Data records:
*** Block opens ***
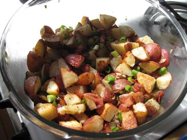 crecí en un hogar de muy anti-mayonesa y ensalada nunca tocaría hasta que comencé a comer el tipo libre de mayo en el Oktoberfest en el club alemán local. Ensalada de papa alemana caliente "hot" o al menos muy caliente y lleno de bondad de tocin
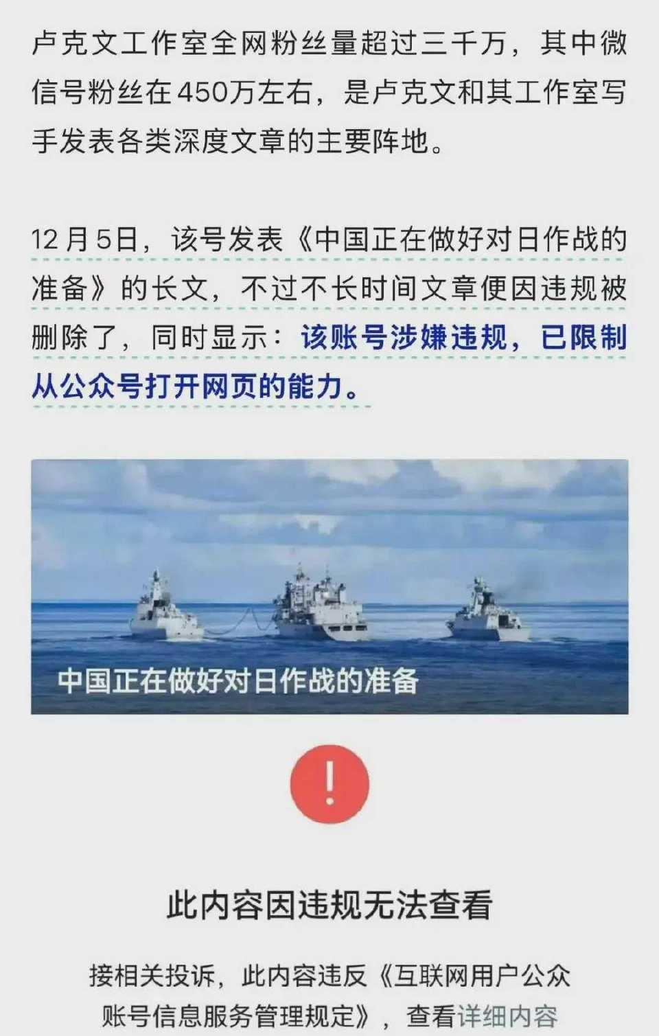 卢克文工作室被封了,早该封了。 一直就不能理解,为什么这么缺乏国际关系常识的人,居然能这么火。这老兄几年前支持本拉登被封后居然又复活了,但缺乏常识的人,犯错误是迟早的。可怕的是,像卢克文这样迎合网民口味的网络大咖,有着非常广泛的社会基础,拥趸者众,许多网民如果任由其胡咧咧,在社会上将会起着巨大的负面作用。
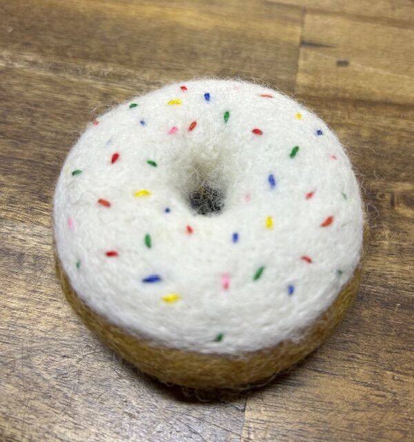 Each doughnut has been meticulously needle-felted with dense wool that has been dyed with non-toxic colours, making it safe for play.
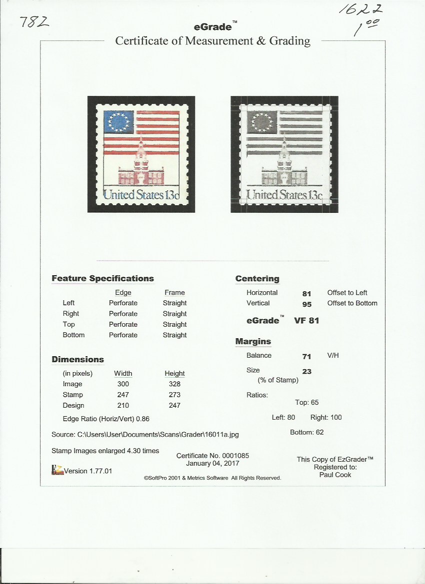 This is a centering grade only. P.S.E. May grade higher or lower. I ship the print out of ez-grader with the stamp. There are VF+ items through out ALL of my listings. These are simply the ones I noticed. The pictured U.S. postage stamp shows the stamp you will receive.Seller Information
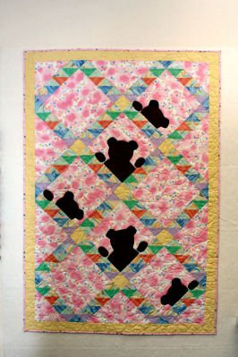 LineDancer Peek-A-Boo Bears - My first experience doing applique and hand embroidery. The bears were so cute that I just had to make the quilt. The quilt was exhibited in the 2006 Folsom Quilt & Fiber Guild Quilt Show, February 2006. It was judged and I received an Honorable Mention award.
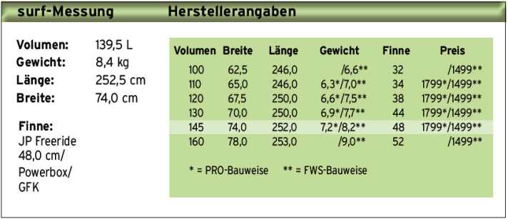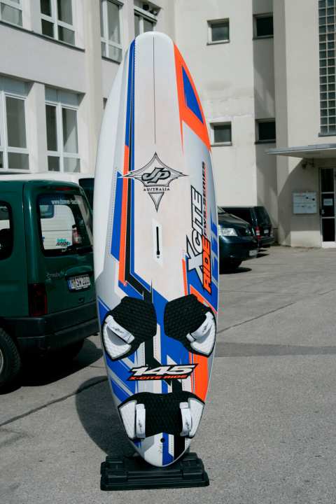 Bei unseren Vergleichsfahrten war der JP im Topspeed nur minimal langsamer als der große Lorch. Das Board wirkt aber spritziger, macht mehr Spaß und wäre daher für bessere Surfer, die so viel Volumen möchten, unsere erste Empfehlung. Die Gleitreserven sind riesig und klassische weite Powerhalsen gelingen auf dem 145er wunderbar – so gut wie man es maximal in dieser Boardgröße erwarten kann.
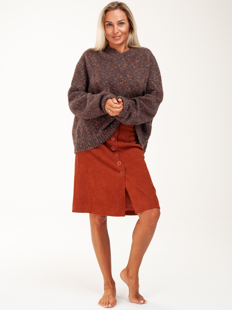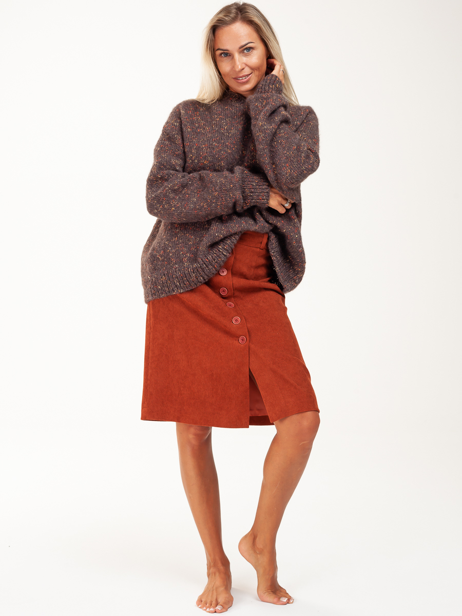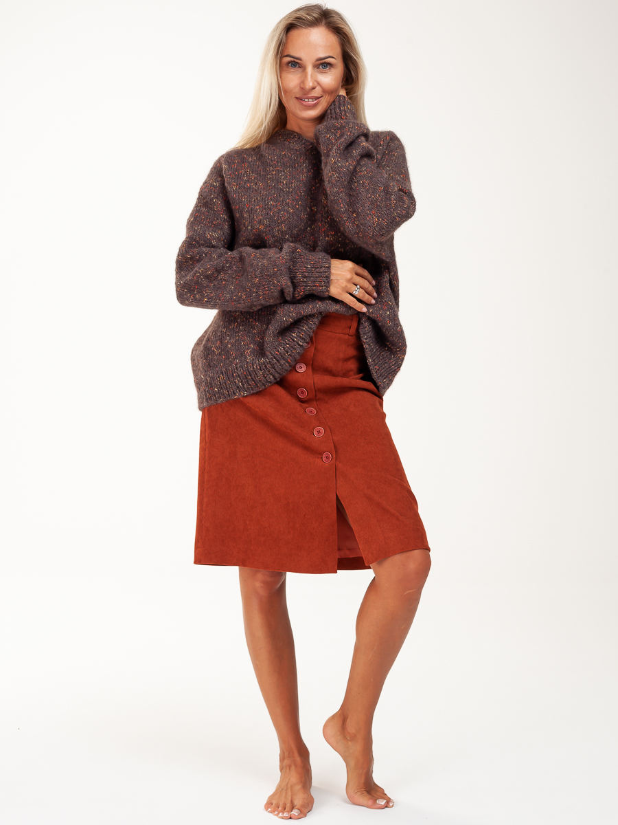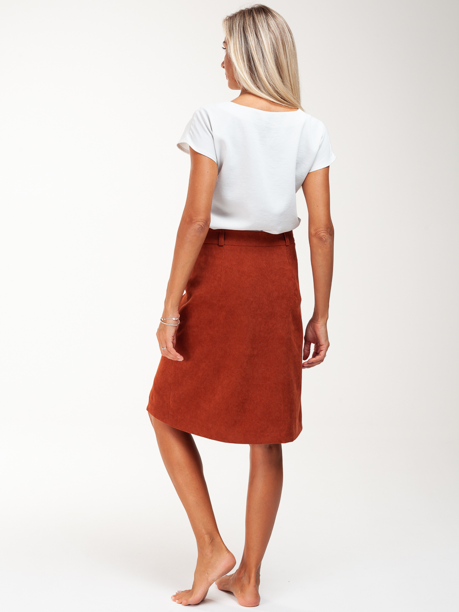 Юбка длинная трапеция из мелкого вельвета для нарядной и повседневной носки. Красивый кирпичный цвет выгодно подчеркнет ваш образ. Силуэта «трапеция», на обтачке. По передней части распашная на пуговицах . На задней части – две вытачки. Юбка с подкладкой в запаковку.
*** Block closes ***
Copy the entries exactly. Leave the pictures out.

▶ **Solution for this problem**
 crecí en un hogar de muy anti-mayonesa y ensalada nunca tocaría hasta que comencé a comer el tipo libre de mayo en el Oktoberfest en el club alemán local. Ensalada de papa alemana caliente "hot" o al menos muy caliente y lleno de bondad de tocin
 卢克文工作室被封了,早该封了。 一直就不能理解,为什么这么缺乏国际关系常识的人,居然能这么火。这老兄几年前支持本拉登被封后居然又复活了,但缺乏常识的人,犯错误是迟早的。可怕的是,像卢克文这样迎合网民口味的网络大咖,有着非常广泛的社会基础,拥趸者众,许多网民如果任由其胡咧咧,在社会上将会起着巨大的负面作用。
 Each doughnut has been meticulously needle-felted with dense wool that has been dyed with non-toxic colours, making it safe for play.
 This is a centering grade only. P.S.E. May grade higher or lower. I ship the print out of ez-grader with the stamp. There are VF+ items through out ALL of my listings. These are simply the ones I noticed. The pictured U.S. postage stamp shows the stamp you will receive.Seller Information
 LineDancer Peek-A-Boo Bears - My first experience doing applique and hand embroidery. The bears were so cute that I just had to make the quilt. The quilt was exhibited in the 2006 Folsom Quilt & Fiber Guild Quilt Show, February 2006. It was judged and I received an Honorable Mention award.
 Bei unseren Vergleichsfahrten war der JP im Topspeed nur minimal langsamer als der große Lorch. Das Board wirkt aber spritziger, macht mehr Spaß und wäre daher für bessere Surfer, die so viel Volumen möchten, unsere erste Empfehlung. Die Gleitreserven sind riesig und klassische weite Powerhalsen gelingen auf dem 145er wunderbar – so gut wie man es maximal in dieser Boardgröße erwarten kann.
 Юбка длинная трапеция из мелкого вельвета для нарядной и повседневной носки. Красивый кирпичный цвет выгодно подчеркнет ваш образ. Силуэта «трапеция», на обтачке. По передней части распашная на пуговицах . На задней части – две вытачки. Юбка с подкладкой в запаковку.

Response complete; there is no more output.